Control for “Differentiation”

While in Exercise 2 we tested WT vs KO on undifferentiated samples only, we can also use a more complex design formula. If we specify:

~ Differentiation + Condition

it means that we want to test for the effect of the FOXC1 knock out, while controlling for the effect of differentiation. In a way, we “discard” the expected changes due to differentiation to focus on the changes specifically driven by the KO.

Repeat the first analysis, changing the design ~ Condition to ~ Differentiation + Condition.
How many genes are now found differentially expressed, when filtering for padj < 0.05?

Click to see the solution

setwd("~/rnaseq_course/differential_expression")

sampletable <- read.table("sample_sheet_foxc1.txt", header=T, sep="\t")
colnames(sampletable)

se_star <- DESeqDataSetFromHTSeqCount(sampleTable = sampletable,
                                      directory = "counts_STAR_selected",
                                      design = ~ Differentiation + Condition)
se_star
se_star <- se_star[rowSums(counts(se_star)) > 10, ]

se_star2 <- DESeq(se_star)

de <- results(object = se_star2, contrast=c("Condition", "WT", "KO"))
de_symbols <- merge(data.frame(ID=rownames(de), de, check.names=FALSE), annot, by.x="ID", by.y="ensembl_gene_id", all=F)


## How many genes are now found differential expressed, when filtering for padj < 0.05.

de_select <- de_symbols[de_symbols$padj < 0.05 & !is.na(de_symbols$padj),]
nrow(de_select)

Homework¶

Do the same using the Salmon counts (object se_salmon): how many genes are found differentially expressed when using the Salmon counts? How do results overlap between STAR and Salmon?

Click to see the solution

Prepare transcript-to-gene annotation file (Salmon)

Prepare the annotation file needed to import the Salmon counts: a two-column data frame linking transcript id (column 1) to gene id (column 2).

We will add the gene symbol in column 3, for a more comprehensive annotation.

Process from the GTF file:

cd ~/rnaseq_course/differential_expression

# Gencode annotation for all chromosomes
wget ftp://ftp.ebi.ac.uk/pub/databases/gencode/Gencode_human/release_49/gencode.v49.annotation.gtf.gz

# first column is the transcript ID, second column is the gene ID, third column is the gene symbol
zcat gencode.v49.annotation.gtf.gz | awk -F "\t" 'BEGIN{OFS="\t"}{if($3=="transcript"){split($9, a, "\""); print a[4],a[2],a[8]}}' > tx2gene.gencode.v49.csv

Preparing annotation file with gene id, gene names, gene type, chromosome, start, end and strand information.
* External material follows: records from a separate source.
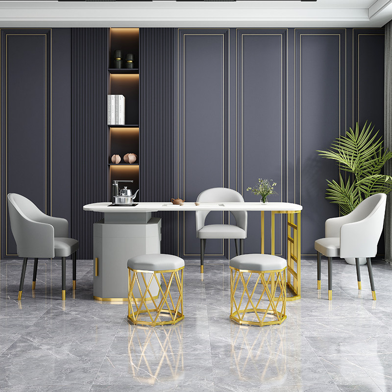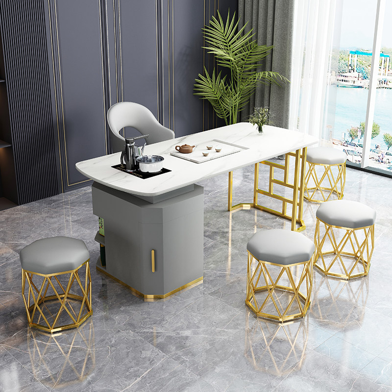 Balcony modern desks and chairs, light luxury, light rock board office home designer kung fu coffee table simple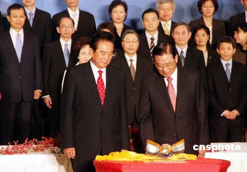 11月4日下午,海協(xié)會(huì)會(huì)長(zhǎng)陳云林和海基會(huì)董事長(zhǎng)江丙坤簽署有關(guān)兩岸空運(yùn)直航、海運(yùn)直航、郵政、食品安全的4項(xiàng)協(xié)議。圖為協(xié)議文本簽署后,陳云林向江丙坤致贈(zèng)水晶作品《握手》。中新社發(fā) 黃少華 攝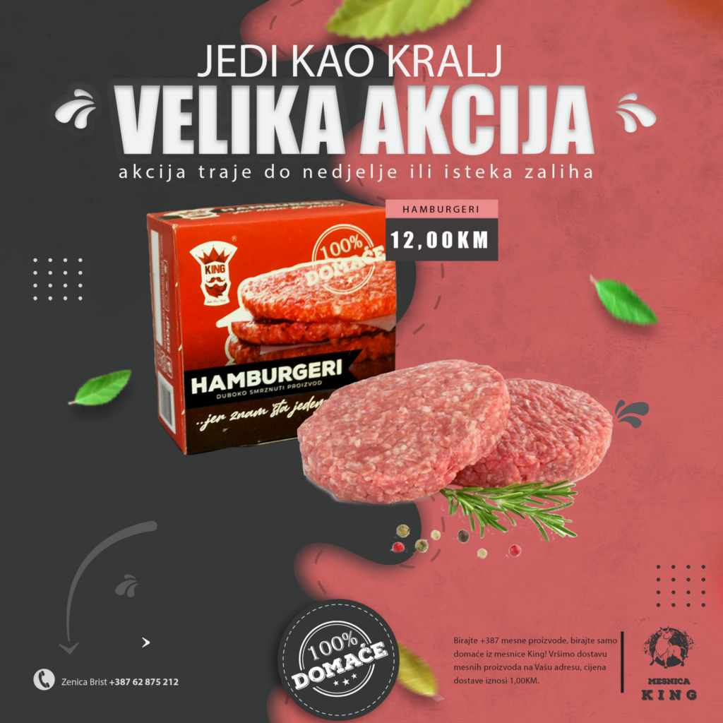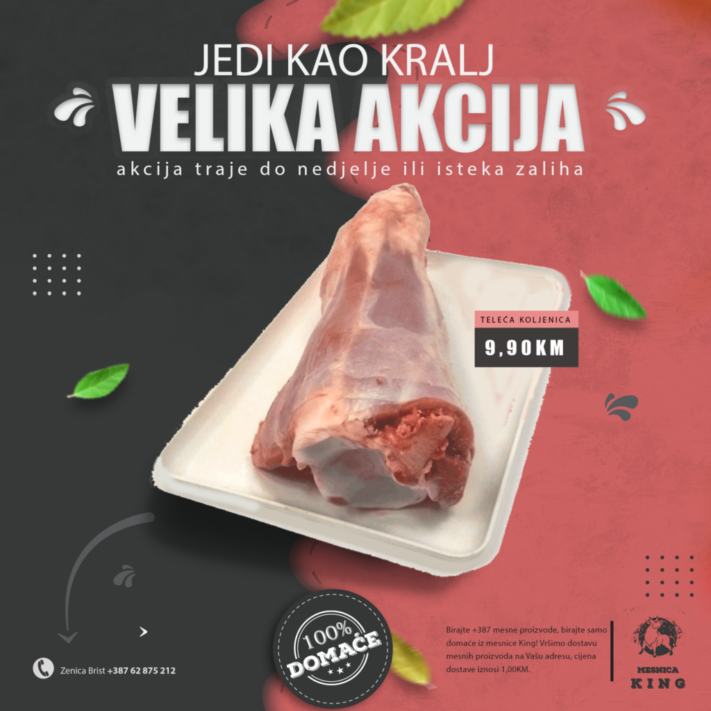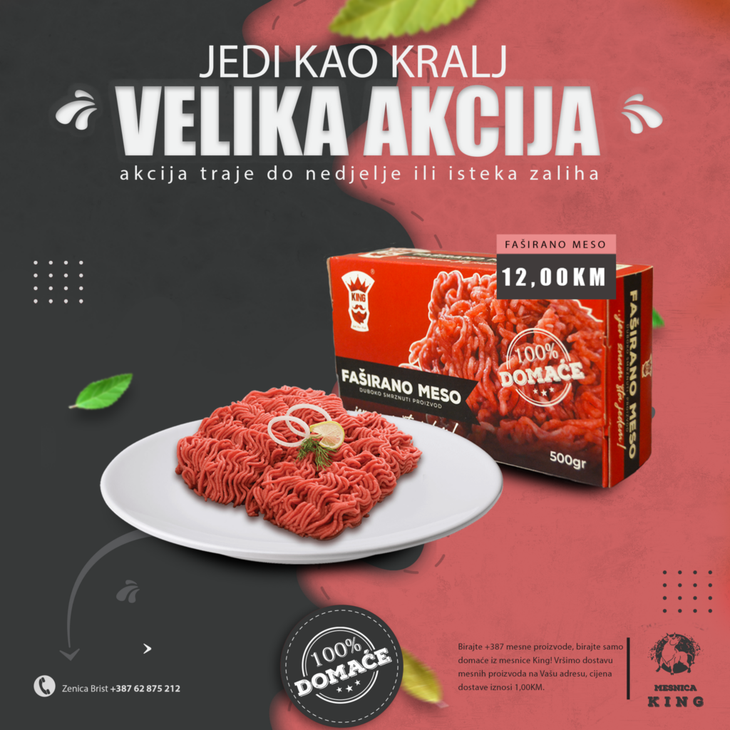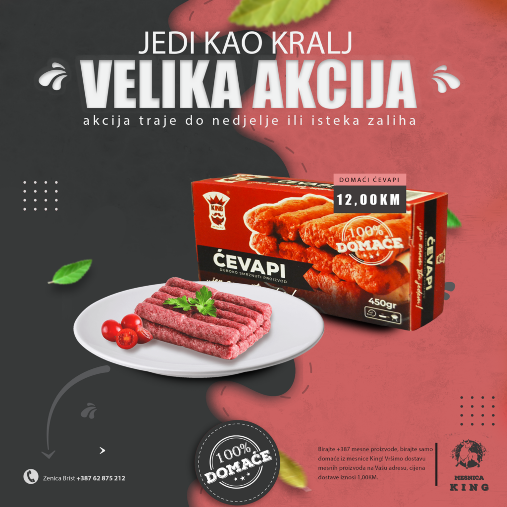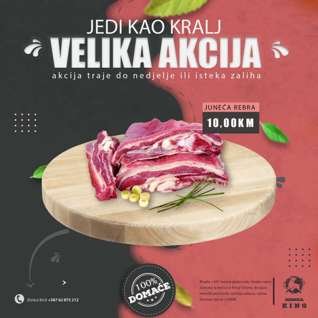 TOPIMO CIJENE! U mjesec august ulazimo sa velikom sedmičnom akcijom u mesnici King. Nudimo vam kvalitetno i domaće meso po odličnim acijskim cijenama.

cd ~/rnaseq_course/differential_expression

zcat gencode.v49.annotation.gtf.gz | awk -v OFS='\t' '{ if ($3=="gene") { gsub(";",""); gsub("\"",""); print $10,$14,$12,$1,$4,$5,$7} }' > salmon_gene_anno.txt

Import Salmon counts

Load the count data from SALMON into a DESeq object:

# Go to the deseq2 directory
setwd("~/rnaseq_course/differential_expression")

annot <- read.table("salmon_gene_anno.txt", header=T)
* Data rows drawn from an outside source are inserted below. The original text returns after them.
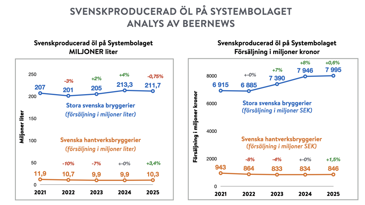 Vinnaren inom ölkategorin är svenska hantverksbryggerier, som ökade sin försäljning med 3,4 procent, motsvarande en ökning om cirka 330 000 liter. Totalt såldes 10,3 miljoner liter svensk hantverksöl under 2025. Det är den första uppgången på flera år, efter att volymerna minskat kontinuerligt mellan 2021 och 2024.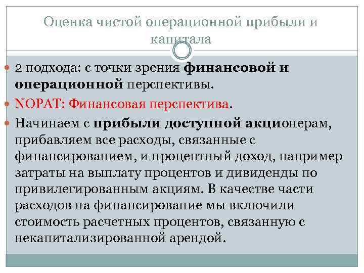 Оценка чистой операционной прибыли и капитала 2 подхода: с точки зрения финансовой и операционной перспективы. NOPAT: Финансовая перспектива. Начинаем с прибыли доступной акционерам, прибавляем все расходы, связанные с финансированием, и процентный доход, например затраты на выплату процентов и дивиденды по привилегированным акциям. В качестве части расходов на финансирование мы включили стоимость расчетных процентов, связанную с некапитализированной арендой.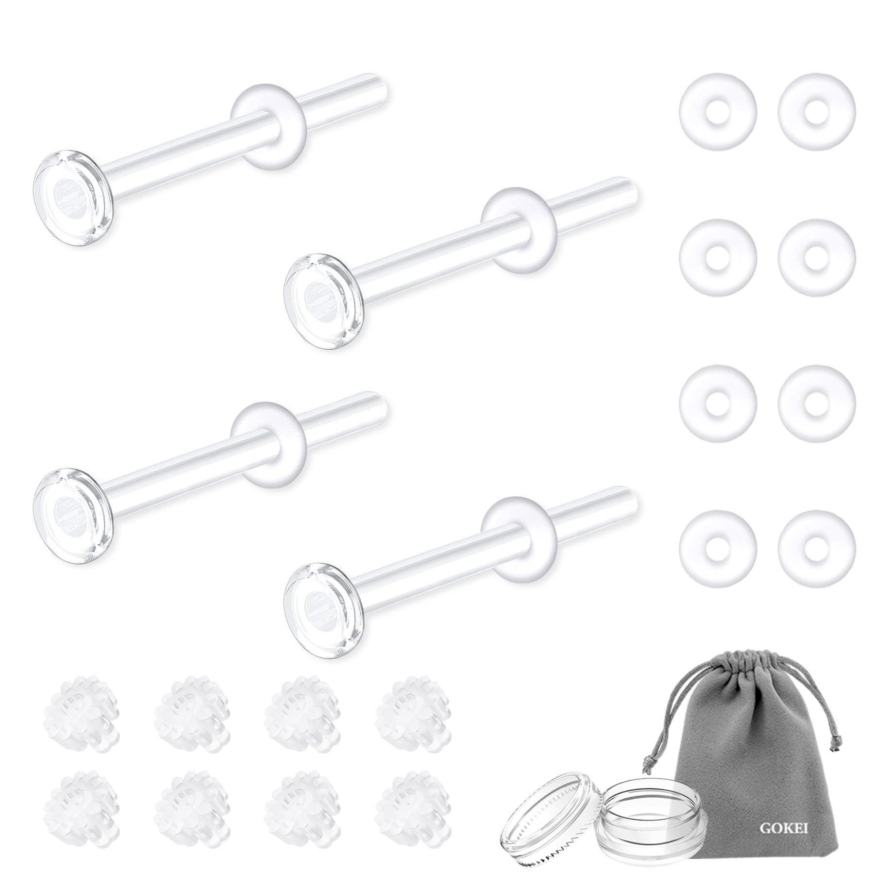 [GOKEI]透明ピアスガラスピアス【4本ピアス+8個キャッチ】透明強化ガラスガラスピアスピアッサー・・・

# Load the tximport package that we use to import Salmon counts
library(tximport)

# List the quantification files from Salmon: one quant.sf file per sample

# dir is list all files in "~/rnaseq_course/differential_expression/counts_salmon" and in any directories inside, that have the pattern "quant.sf". full.names = TRUE means that we want to keep the whole paths
files <- dir("~/rnaseq_course/differential_expression/full_data_counts/counts_salmon", recursive=TRUE, pattern="quant.sf", full.names=TRUE)
files

# files is a vector of file paths. we will name each element of this vector with a simplified corresponding sample name
names(files) <- gsub("_quant.sf", "", dir("~/rnaseq_course/differential_expression/full_data_counts/counts_salmon"))
names(files)

# Read in the two-column data.frame linking transcript id (column 1) to gene id (column 2)
transcripts2genes <- read.table("tx2gene.gencode.v49.csv",
  sep="\t",
  header=F)

# tximport can import data from Salmon, Kallisto, Sailfish, RSEM, Stringtie

# here we summarize the transcript-level counts to gene-level counts
txi <- tximport(files,
  type = "salmon",
  tx2gene = transcripts2genes)

# check the names of the "slots" of the txi object
names(txi)

# display the first rows of the counts per gene information
head(txi$counts)

# Create a DESeq2 object based on Salmon per-gene counts
se_salmon <- DESeqDataSetFromTximport(txi,
   colData = sampletable,
   design = ~ Condition)


# Load the annotation file to annotate the normalized and differential expression results

annot <- read.table("salmon_gene_anno.txt", as.is=T)
colnames(annot) <- c("gene_id","gene_name","gene_type",'chromosome_name', 'start_position', 'end_position','strand')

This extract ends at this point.